Train different RNN weights for encoding and decoding. In the model above we use the same RNN node doing both encoding and decoding which is clearly not optimal for learning.
At decode stage rather than just have the previous hidden stage as input, like we do above, we now also include the last hidden stage of the encoder (we call this C in the diagram below). Along with this we also include the last predicted output word vector. This should help the model to know it just output a certain word and not to output that word again.
So the decoder node will now have 3 weight matrices in it ( one of previous hidden state h, one for last predicted word vector y and one for the last encoder hidden state c) which we multiply the corresponding input by and then add up to get our decode output.

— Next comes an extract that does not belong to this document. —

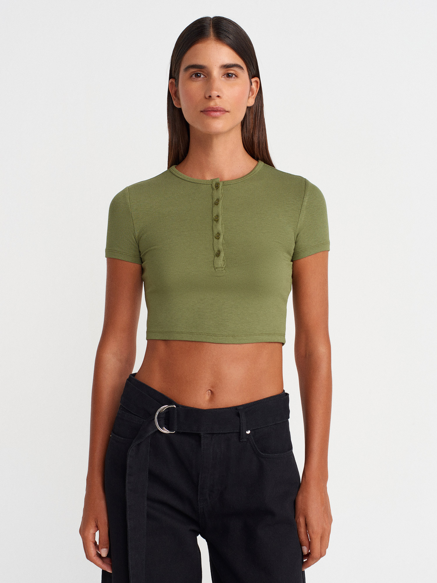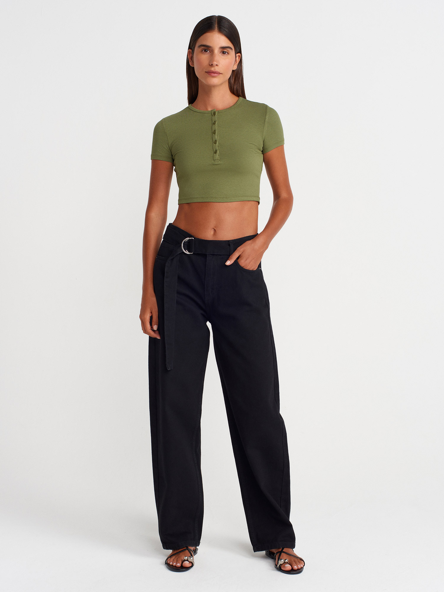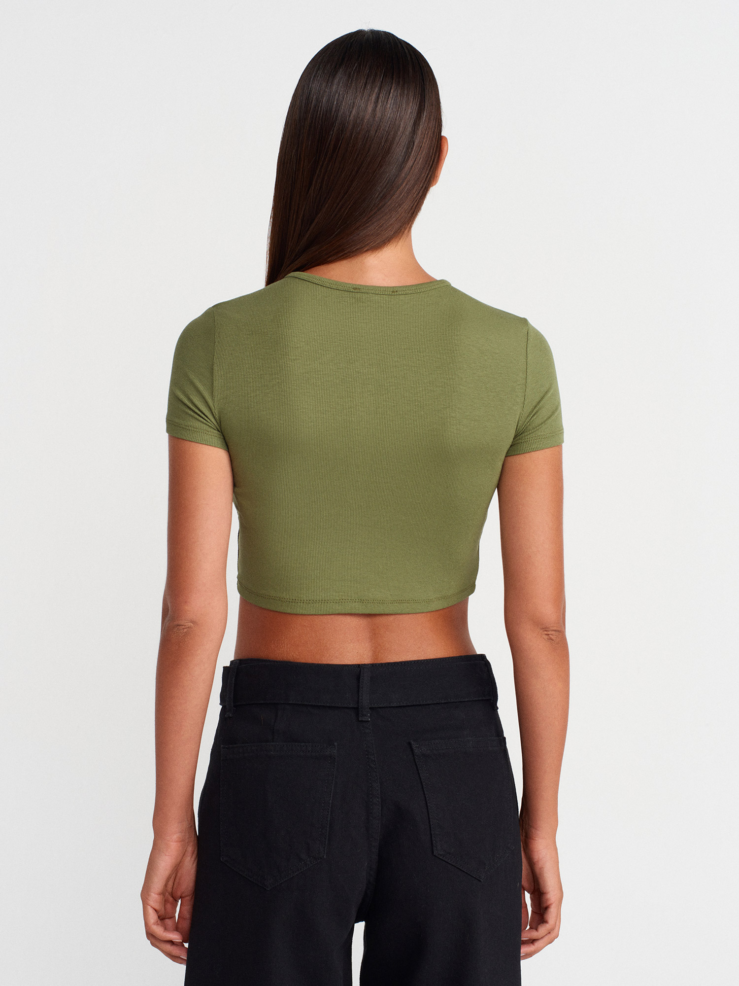 31647 Düğme Detaylı Crop Top-Açık Haki

A different way of viewing the whole process in action is in this diagram below. Start from the bottom left and work up and across till you get to the red circle. This then goes to the left and up and follows through till the stop token (full stop) is predicted.Important to remember that the weight matrix that is used to multiply the inputs in each step of the encoder is the exact same, it is not different for different time steps.
In the decode stage it is a different weight matrix to the encode stage but again this weight matrix is used through the decode stage.

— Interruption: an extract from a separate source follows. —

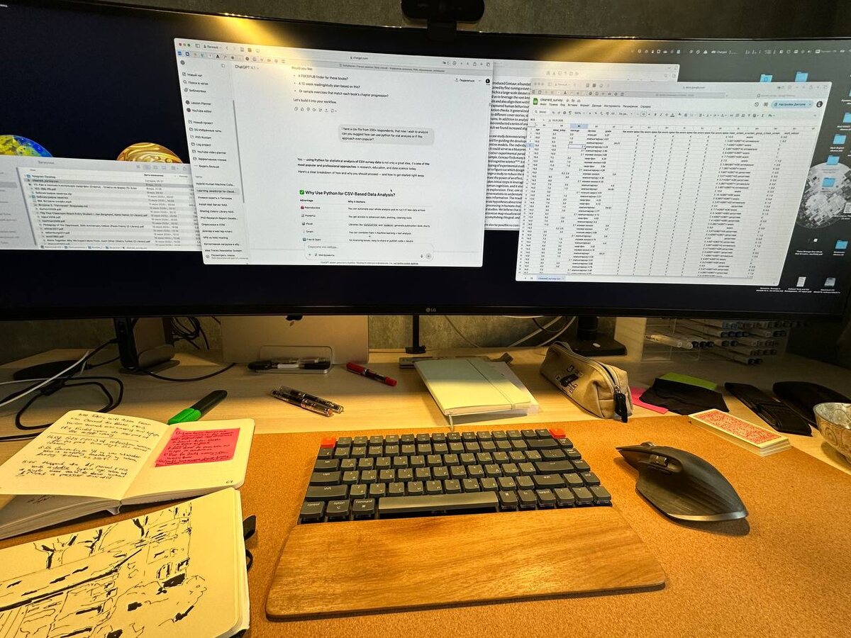 ## Человек с машиной вместе могут гораздо больше, чем каждый по отдельности ### Зачем мне учить Python На самом деле оказалось, что существует прикладная задача, которую я планирую решить с помощью изучения Пайтона, а именно — анализ данных. На ближайший год я запланировал обширное исследование эффекта от использования ручки с бумагой и цифровых гаджетов на познавательные способности человека. Впереди ждёт огромное количество чисел, таблиц, сравнений, расчётов значимости результатов. Да, кто-то скажет, что уже существуют удобные программы, позволяющие сделать всё это нажатием пары кнопок, но мне не требуется удобство — как раз наоборот, удобство будет не удобно. Не удобно в том смысле, что мне интересно разобраться не только в том, как соотносятся цифры, но и понять на «программном» уровне, что я могу сделать с помощью нескольких строк кода. Размышляя над этим и читая всякое, я решил попробовать поговорить с GPT. У меня как раз были данные моего опроса с достаточно большой выборко

Make it deeper! Add more RNN layers to your model.
Maybe train a bidirectional encoder. So take the hidden state not only from the last hidden layer time step but also from the next hidden layer time step.
An alternative to training a bidirectional encoder is to train the encoder in reverse order. What this means is if normally you train with words A,B,C go to X Y we instead train with words C,B,A go to X, Y. This is a simpler optimisation problem as you bring words that are being translated closer together hence less vanishing gradient issues. (This only works if languages align well like French and English)
That is probably as good as we can get using just the simple RNN unit so if we want to do better we need to use a different type of RNN unit called Gated Recurrent Units (GRU for short).
The basic idea of the GRU is to keep around memories that keep long distance dependencies. Your model will learn to do this. This will also allow error messages to flow at different strengths depending on the input.